Recorded data:

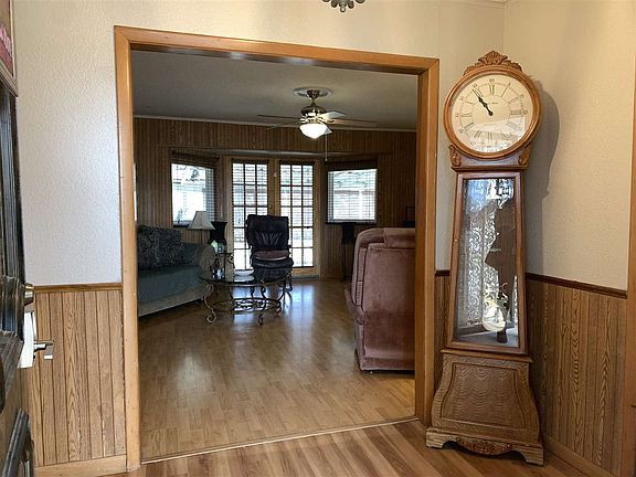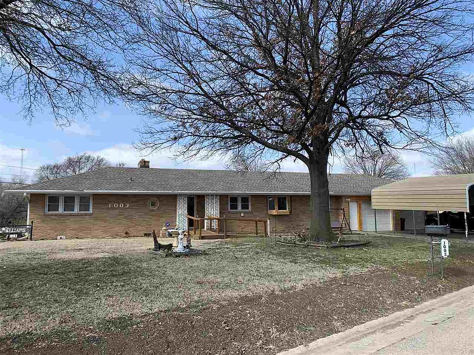 This 3 bedroom, 2 bath home sits on a large corner, 1/2 acre lot with a creek and woods behind for a country wsetting in town. It has so much to offer: newer laminate wood look flooring, beautiful stone fireplace, storm shelter, extra shop 25x20, 2 car attached garage, 24x20 carport, chain link fenced yard, generator (2009), roof (2018) hail resistance, HVAC (2009) with filter system and humidifier, covered patio, large living and dining room. Call today to make this your next home.
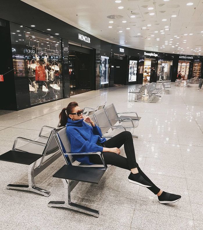 Áo len cao cổ oversized được siêu mẫu mix cùng quần skinny và giày sneaker mang đến dáng vẻ khỏe khoắn, năng động.
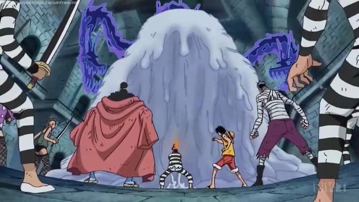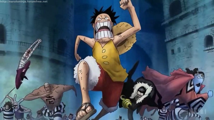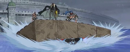 Buggy, Crocodile, Mr1 e Jimbe intanto raggiungono l’aria aperta, le porte dell’inferno si spalancano finalmente e prigionieri vedono la tanto agognata luce del giorno. Assaltare una nave della Marina è ora l’unica soluzione possibile per scappare da Impel Down!
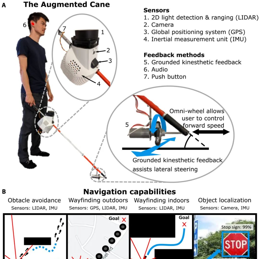 除此之外,斯坦福大學智能系統實驗室也研發出了一款智能導盲手杖。該手杖搭載了激光雷達、GPS,可根據目的地進行實時導航,也可為視障人群進行障礙探測并規劃路線。
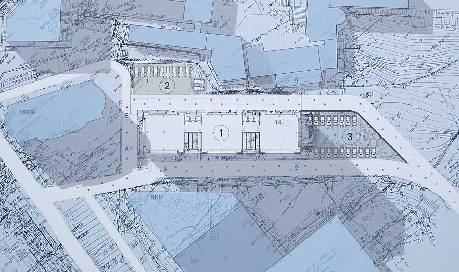 Под комплексом размещается подземный паркинг кассетного типа для 240 автомобилей.
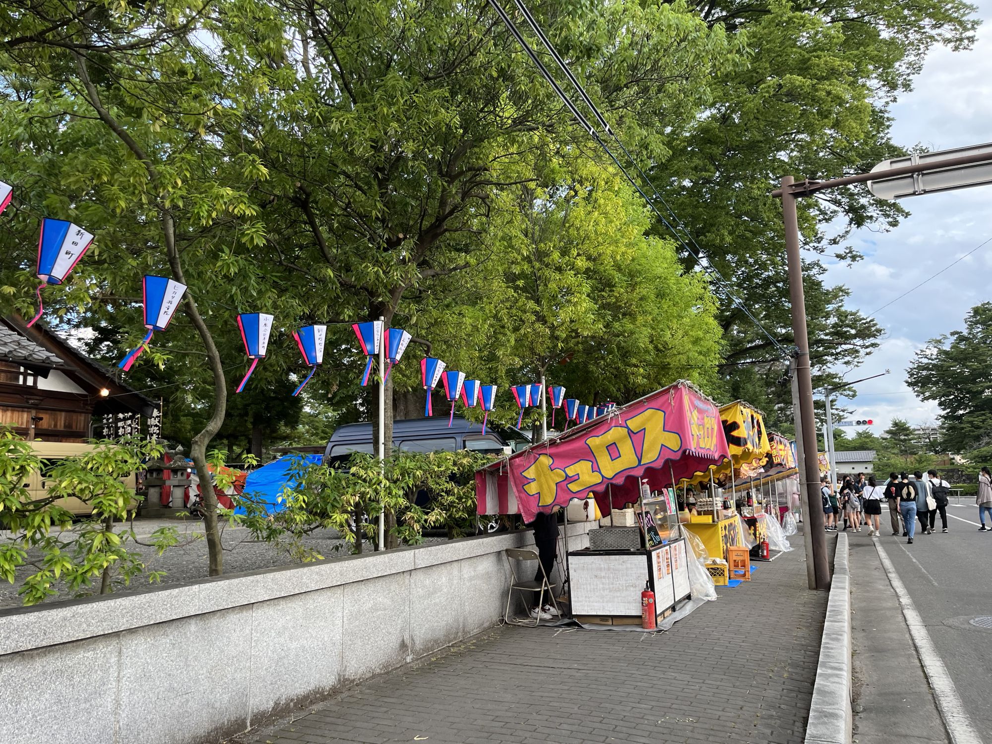 Comme pour la plupart des matsuri, le sanctuaire accueille de nombreux stand de nourriture festive. On y retrouve les traditionnels takoyaki (boulettes de poulpe), karaage (poulet frit), yakisoba (nouilles frites) ou meme des brochette de calamars grillés. Pour le dessert, vous avez le choix entre bananes au chocolat, crêpes ou coupes de glace pilée, le fameux « kakigori ».
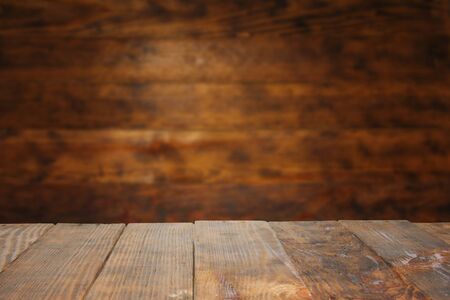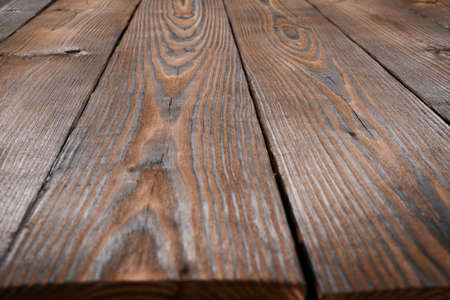 Rustic wooden background. Old vintage real natural planked wood. Free text space. Selective focus.
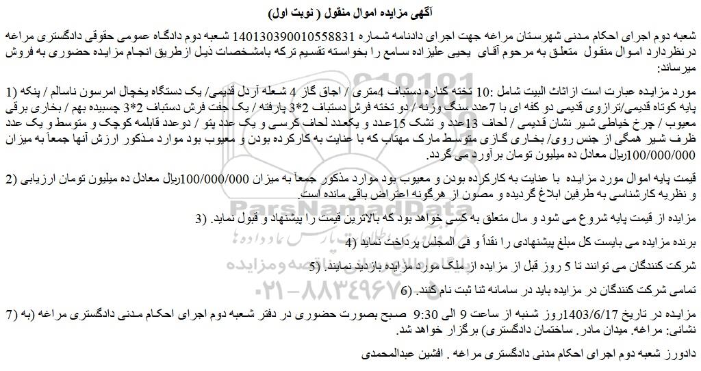 شعبه دوم اجرای احکام مدنی شهرستان مراغه جهت اجرای دادنامه شماره 140130390010558831 شعبه دوم دادگاه عمومی حقوقی دادگستری مراغه درنظردارد اموال منقول  متعلق به مرحوم آقای  یحیی علیزاده سامع را بخواسته تقسیم ترکه بامشخصات ذیل ازطریق انجام مزایده حضوری به فروش میرساند:
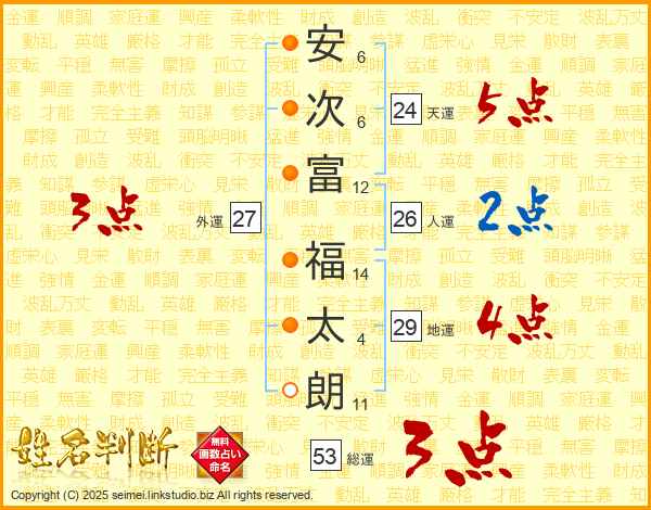 安(6画)次(6画)富(12画) 福(14画)太(4画)朗(11画)
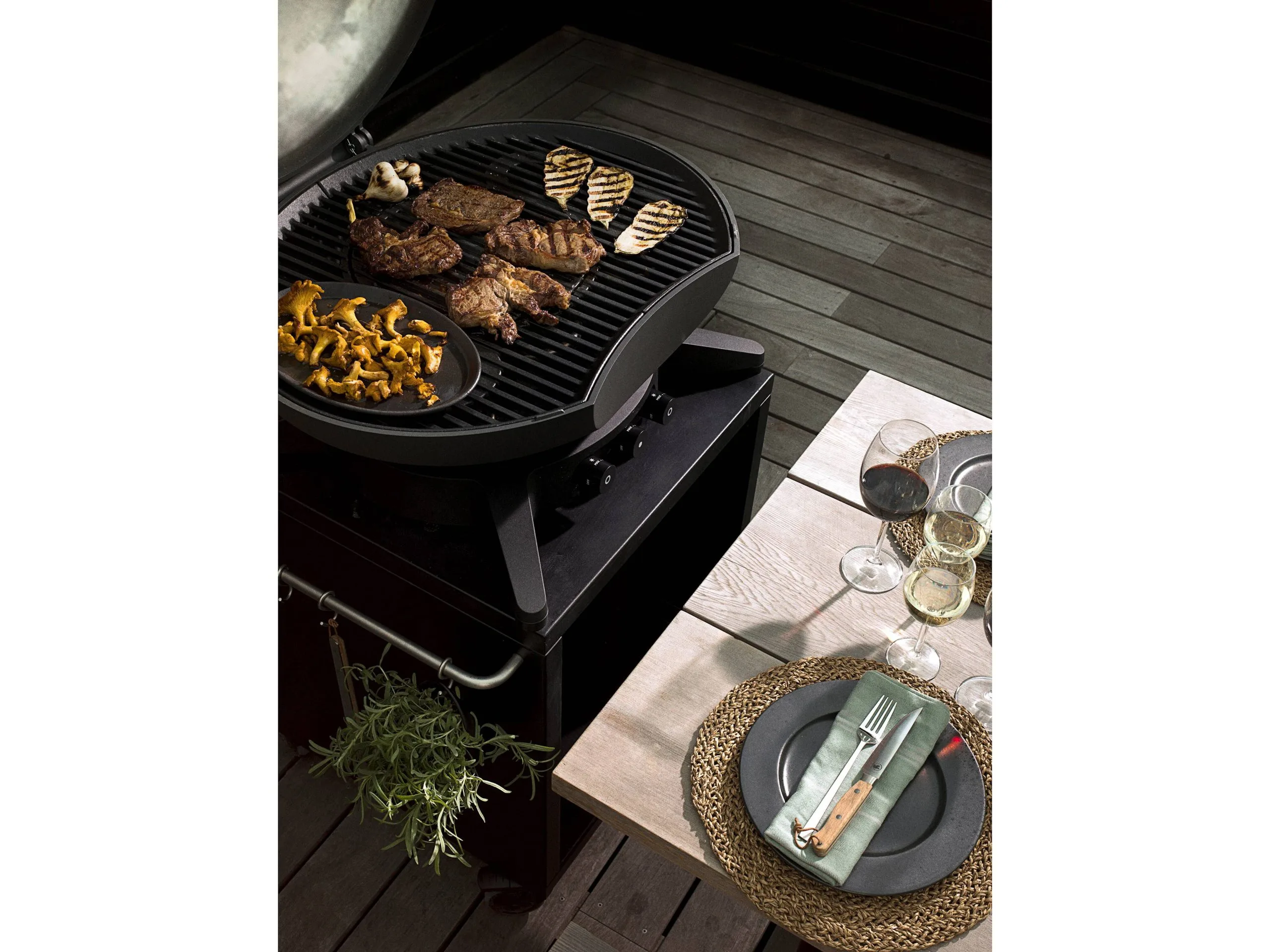Fremstillet i antracitgråt aluminium og med ellipseformet grillrist i støbejern – grilloverflade 53 x 65,6 cm.
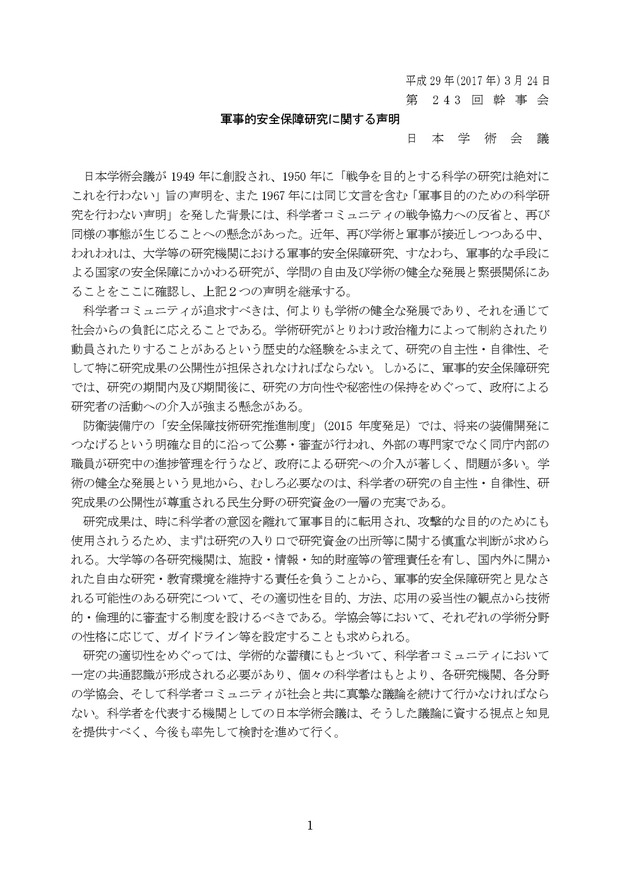 日本学術会議は14日、東京都内で総会を開き、科学者は軍事的な研究を行わないとする声明を決定したと報告した。防衛省が創設した研究助成制度も批判する内容で、技術的な優位性を確保することで有利な戦略バランスを構築する同省の取り組みを阻害する恐れがある。出席した研究者からは、自衛隊の合憲性やミサイル防衛を否定するかのような発言も飛び出した。
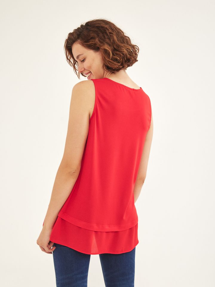 גופיה כתפיות רחבות במראה שכבות, בגזרה קרובה לגוף, באורך מותן, ניתן לשלב עם ג’ינס או מכנסיים מחוייטים להשלמת הלוק היומי.
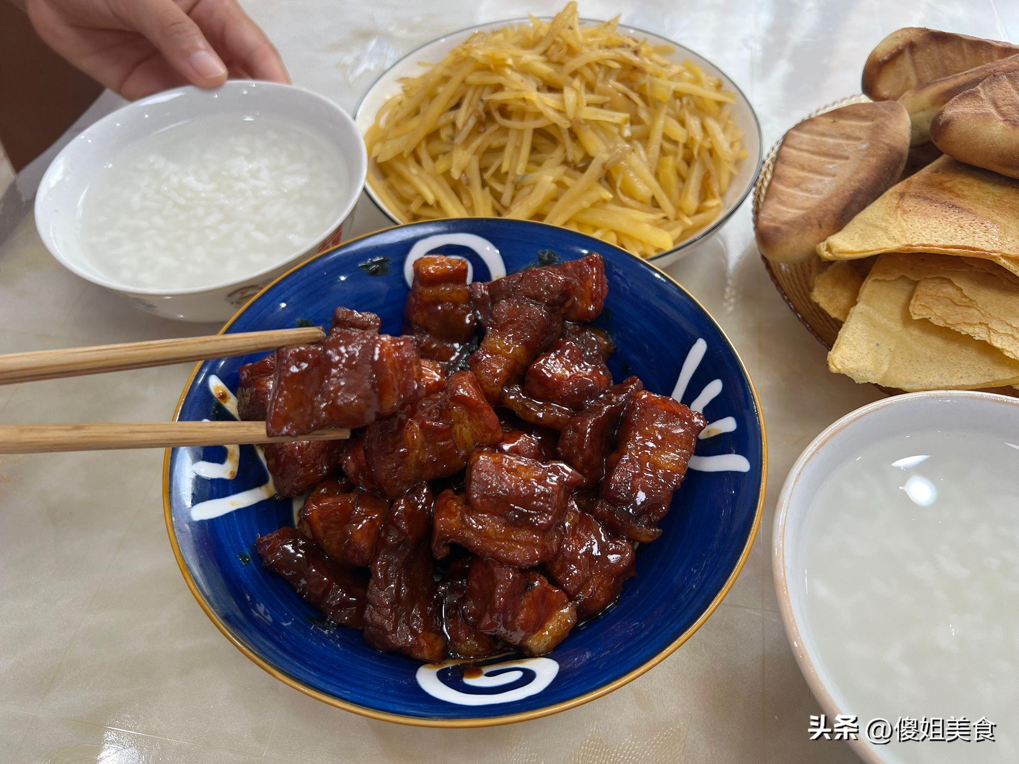 大約燉了一個小時,肉塊已經變得軟糯,湯汁濃稠,散發出濃郁的香氣。裝盤時撒上一點蔥花點綴,顏色紅亮,光看着就讓人食慾大增。老伴夾起一塊肉,邊喫邊直點頭,滿臉都是滿足的表情。
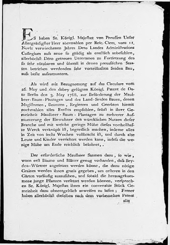 Ter bevordering van de zijdeteelt worden premies in het vooruitzicht gesteld van degenen die moerbei bomen aanplanten.

**WHAT YOU WILL DO:**
Your copy should match the data above exactly, apart from the pictures.

**WRITTEN SOLUTION:**
 This 3 bedroom, 2 bath home sits on a large corner, 1/2 acre lot with a creek and woods behind for a country wsetting in town. It has so much to offer: newer laminate wood look flooring, beautiful stone fireplace, storm shelter, extra shop 25x20, 2 car attached garage, 24x20 carport, chain link fenced yard, generator (2009), roof (2018) hail resistance, HVAC (2009) with filter system and humidifier, covered patio, large living and dining room. Call today to make this your next home.
 Áo len cao cổ oversized được siêu mẫu mix cùng quần skinny và giày sneaker mang đến dáng vẻ khỏe khoắn, năng động.
 Buggy, Crocodile, Mr1 e Jimbe intanto raggiungono l’aria aperta, le porte dell’inferno si spalancano finalmente e prigionieri vedono la tanto agognata luce del giorno. Assaltare una nave della Marina è ora l’unica soluzione possibile per scappare da Impel Down!
 除此之外,斯坦福大學智能系統實驗室也研發出了一款智能導盲手杖。該手杖搭載了激光雷達、GPS,可根據目的地進行實時導航,也可為視障人群進行障礙探測并規劃路線。
 Под комплексом размещается подземный паркинг кассетного типа для 240 автомобилей.
 Comme pour la plupart des matsuri, le sanctuaire accueille de nombreux stand de nourriture festive. On y retrouve les traditionnels takoyaki (boulettes de poulpe), karaage (poulet frit), yakisoba (nouilles frites) ou meme des brochette de calamars grillés. Pour le dessert, vous avez le choix entre bananes au chocolat, crêpes ou coupes de glace pilée, le fameux « kakigori ».
 Rustic wooden background. Old vintage real natural planked wood. Free text space. Selective focus.
 شعبه دوم اجرای احکام مدنی شهرستان مراغه جهت اجرای دادنامه شماره 140130390010558831 شعبه دوم دادگاه عمومی حقوقی دادگستری مراغه درنظردارد اموال منقول  متعلق به مرحوم آقای  یحیی علیزاده سامع را بخواسته تقسیم ترکه بامشخصات ذیل ازطریق انجام مزایده حضوری به فروش میرساند:
 安(6画)次(6画)富(12画) 福(14画)太(4画)朗(11画)
Fremstillet i antracitgråt aluminium og med ellipseformet grillrist i støbejern – grilloverflade 53 x 65,6 cm.
 日本学術会議は14日、東京都内で総会を開き、科学者は軍事的な研究を行わないとする声明を決定したと報告した。防衛省が創設した研究助成制度も批判する内容で、技術的な優位性を確保することで有利な戦略バランスを構築する同省の取り組みを阻害する恐れがある。出席した研究者からは、自衛隊の合憲性やミサイル防衛を否定するかのような発言も飛び出した。
 גופיה כתפיות רחבות במראה שכבות, בגזרה קרובה לגוף, באורך מותן, ניתן לשלב עם ג’ינס או מכנסיים מחוייטים להשלמת הלוק היומי.
 大約燉了一個小時,肉塊已經變得軟糯,湯汁濃稠,散發出濃郁的香氣。裝盤時撒上一點蔥花點綴,顏色紅亮,光看着就讓人食慾大增。老伴夾起一塊肉,邊喫邊直點頭,滿臉都是滿足的表情。
 Ter bevordering van de zijdeteelt worden premies in het vooruitzicht gesteld van degenen die moerbei bomen aanplanten.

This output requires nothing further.